Exercise directions:
Report how many lines below include "Casa", giving the figure alone.

Data section:
___
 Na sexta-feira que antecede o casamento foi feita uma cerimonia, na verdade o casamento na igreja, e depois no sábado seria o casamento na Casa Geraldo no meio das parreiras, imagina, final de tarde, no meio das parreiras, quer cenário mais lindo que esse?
___
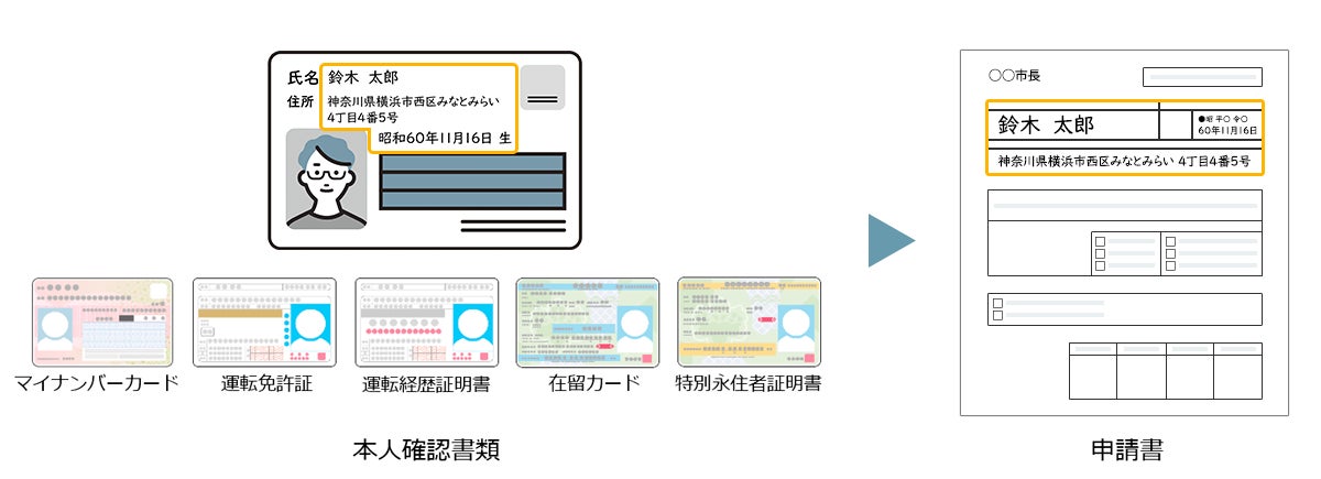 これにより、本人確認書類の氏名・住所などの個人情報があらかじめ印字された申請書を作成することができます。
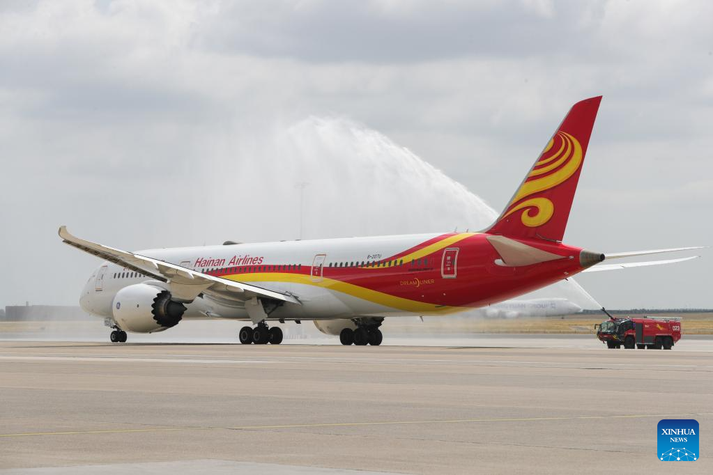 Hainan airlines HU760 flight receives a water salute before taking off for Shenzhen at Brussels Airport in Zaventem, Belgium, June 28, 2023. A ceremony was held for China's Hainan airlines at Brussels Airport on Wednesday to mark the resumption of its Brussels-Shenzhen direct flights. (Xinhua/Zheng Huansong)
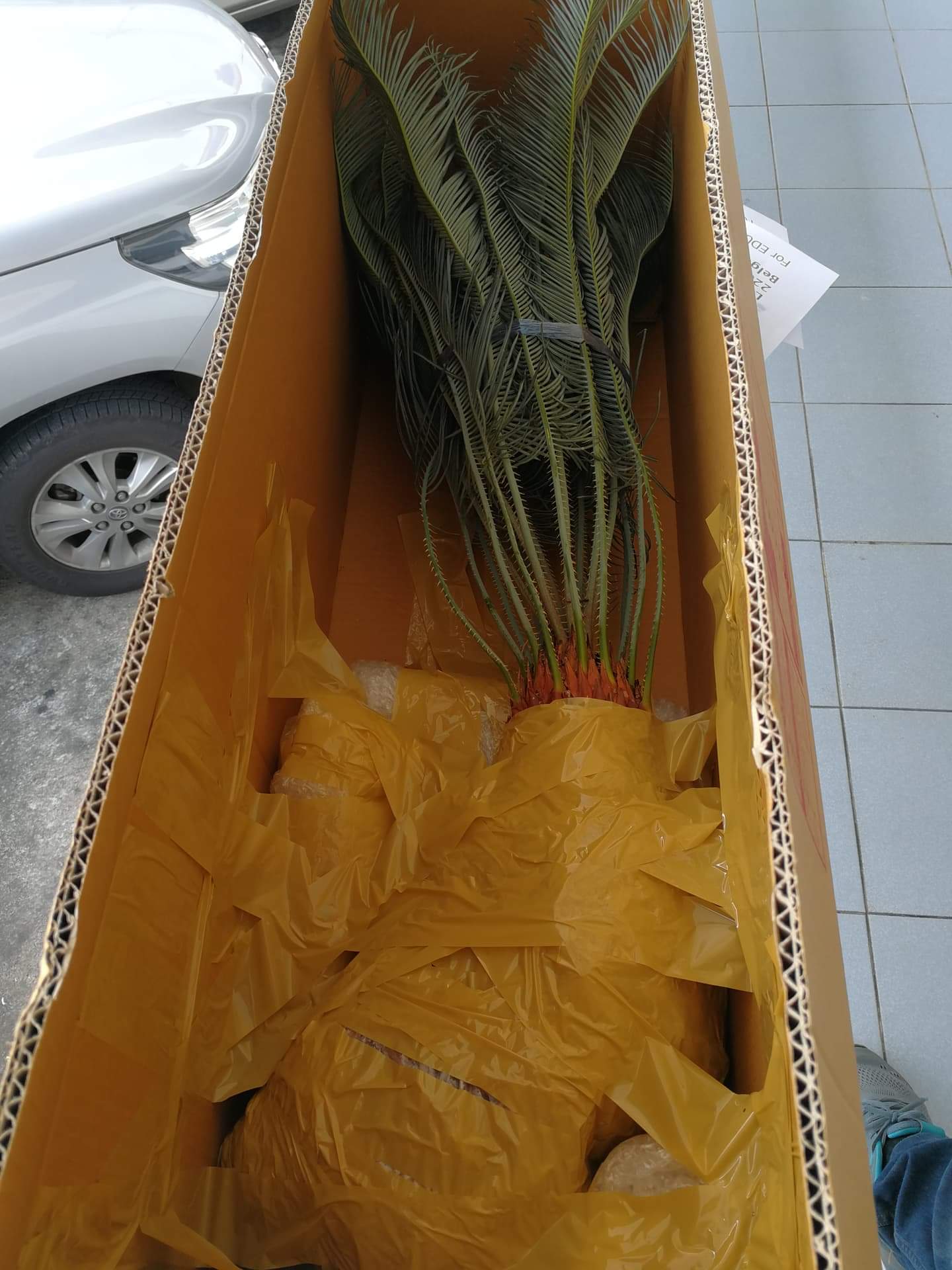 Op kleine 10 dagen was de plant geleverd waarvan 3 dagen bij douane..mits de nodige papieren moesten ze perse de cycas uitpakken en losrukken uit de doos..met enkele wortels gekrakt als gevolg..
___
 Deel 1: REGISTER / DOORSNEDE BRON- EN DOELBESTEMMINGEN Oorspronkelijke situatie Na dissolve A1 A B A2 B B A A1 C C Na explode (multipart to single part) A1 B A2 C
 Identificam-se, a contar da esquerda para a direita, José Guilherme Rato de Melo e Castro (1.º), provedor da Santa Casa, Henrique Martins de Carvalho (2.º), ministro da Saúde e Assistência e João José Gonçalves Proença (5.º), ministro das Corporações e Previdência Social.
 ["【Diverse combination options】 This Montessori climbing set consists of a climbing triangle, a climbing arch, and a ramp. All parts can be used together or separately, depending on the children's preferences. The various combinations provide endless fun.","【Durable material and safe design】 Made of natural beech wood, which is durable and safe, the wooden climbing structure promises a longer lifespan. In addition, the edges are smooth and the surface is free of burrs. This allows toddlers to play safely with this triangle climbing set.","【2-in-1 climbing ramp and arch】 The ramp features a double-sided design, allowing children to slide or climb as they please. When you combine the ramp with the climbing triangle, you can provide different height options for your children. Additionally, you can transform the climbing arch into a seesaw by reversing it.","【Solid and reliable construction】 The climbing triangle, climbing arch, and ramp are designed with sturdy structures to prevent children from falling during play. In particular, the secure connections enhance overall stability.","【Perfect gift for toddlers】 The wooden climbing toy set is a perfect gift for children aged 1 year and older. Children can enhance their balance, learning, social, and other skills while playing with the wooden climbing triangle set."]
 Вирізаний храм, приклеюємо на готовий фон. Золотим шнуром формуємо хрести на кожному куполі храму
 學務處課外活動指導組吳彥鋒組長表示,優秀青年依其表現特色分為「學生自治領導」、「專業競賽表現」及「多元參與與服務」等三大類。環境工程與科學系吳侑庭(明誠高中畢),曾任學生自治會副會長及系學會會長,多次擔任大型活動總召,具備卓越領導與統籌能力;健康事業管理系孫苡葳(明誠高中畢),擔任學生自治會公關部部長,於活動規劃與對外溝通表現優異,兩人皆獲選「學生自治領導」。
___
Answer to the problem:
2